The Father is eternal, the Son is eternal, and the Holy Spirit is eternal.
And yet they are not three who are eternal, but one who is eternal.
And they are not three who are beyond our understanding, nor three who were not created by anyone, but one uncreated, and one beyond our understanding.
So in the same way the Father is Almighty, the Son is Almighty, and the Holy Spirit is Almighty.
And yet they are not three Almighties, but one Almighty.
So the Father is God, the Son is God, and the Holy Spirit is God.
And yet they are not three Gods, but one God.
So in the same way the Father is Lord, the Son is Lord, and the Holy Spirit is Lord.
And yet they are not three Lords, but one Lord.
For just as the Christian Truth forces us to acknowledge each Person in and of himself to be both God and Lord, so the Catholic Religion forbids us to say there are three Gods, or three Lords.
The Father is from no one, neither created, nor begotten.
The Son comes from the Father alone, not made, nor created, but begotten.
The Holy Spirit is from the Father, neither made, nor created, nor begotten, but proceeding.
So there is one Father, not three Fathers; one Son, not three Sons; one Holy Spirit, not three Holy Spirits.
And in this Trinity none is before or after another; none is greater or less than another;
So that in all things, as was said before, the Unity in Trinity and the Trinity in Unity is to be worshipped.
Whoever wants to be saved must thus think of the Trinity.

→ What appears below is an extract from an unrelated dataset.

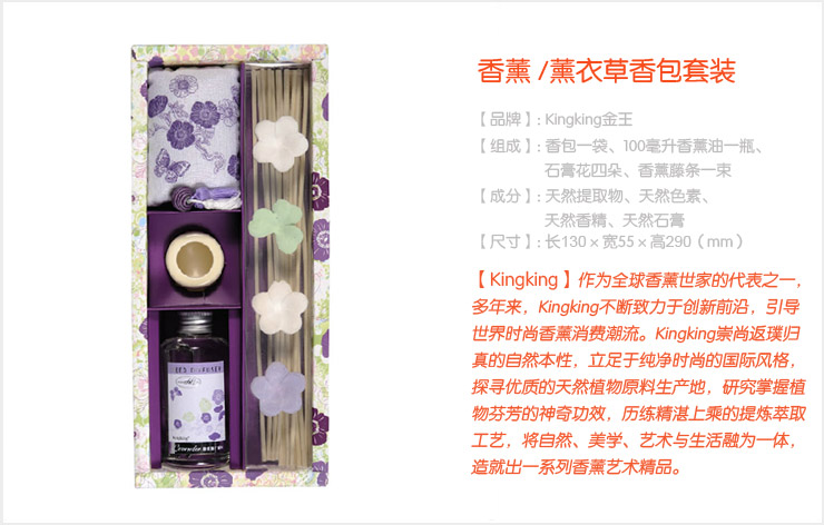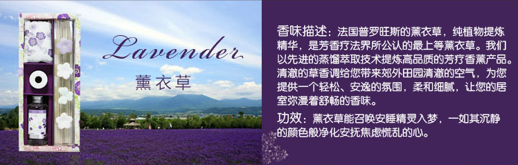 香味描述: 法国普罗旺斯的薰衣草,纯植物提炼精华,是芳香疗法界所公认的最上等薰衣草。清澈的草香调给您带来郊外田园清澈的空气,为您提供一个轻松、安逸的氛围,柔和细腻,让您的居室弥漫着舒畅的香味。

Furthermore, it is necessary to everlasting salvation also to believe correctly the Incarnation of our Lord Jesus Christ.
For the right Faith is, that we believe and confess, that our Lord Jesus Christ, the Son of God, is God and Human;
God, of the Substance of the Father, begotten before the worlds; and Human, of the Substance of his Mother, born in the world;
Perfect God and perfect Human, continually existing as a rational soul and human flesh together;
Equal to the Father, as God; and inferior to the Father, as human.
Who although he is God and Human, yet he is not two, but one Christ;
One, not by changing the Godhead into flesh, but by taking the Humanity into God;
One altogether; not by mixing up the Substance of God and Human, but by uniting them in one person.
For as the rational soul and flesh together in one person is one human, so God and Human together in one person is one Christ;
Who suffered for our salvation, descended into hell, rose again the third day from the dead.
He ascended into heaven, he sits at the right hands of the Father, God Almighty, from whence he shall come to judge the living and the dead.
At whose coming all persons shall rise again with their bodies and shall give account for their own works.
And they that have done good shall go into life everlasting; and they that have done evil into everlasting fire.
This is the Catholic Faith, without which there is no salvation.

Any questions?
(BTW this prayer is where I truly learned the place of mary, as it makes clear that he is of one substance with the father in his divine nature, and in a similar manner of one substance with his mother in his human nature.)


#5

Catholics affirm the truth of that statement, so yes. It is of course also included in the Christian Bible with the rest of the Hebrew Bible.


#6

Considering that it's part of the Liturgy of the Hours (Night Prayer for Saturday), I doubt that the Church has a problem with it being prayed.

-ACEGC


#7

[quote="meltzerboy, post:1, topic:314855"]
The Shema is the holiest verse in Judaism: "Hear O Israel, the Lord is G-d, the Lord is One." May a Catholic recite this, given that Catholics believe there is one G-d but also believe in the Trinity, that G-d is three distinct, non-separate Persons?

[/quote]

Absolutely. I recall it was made much of during RCIA when I converted.


#8

I distinctly recall a procession of clerics singing it before a mass that was given in Latin. :wink: And it was “schema”, not a Latin “audi”.


#9

Thank you all. I take it the consensus is yes.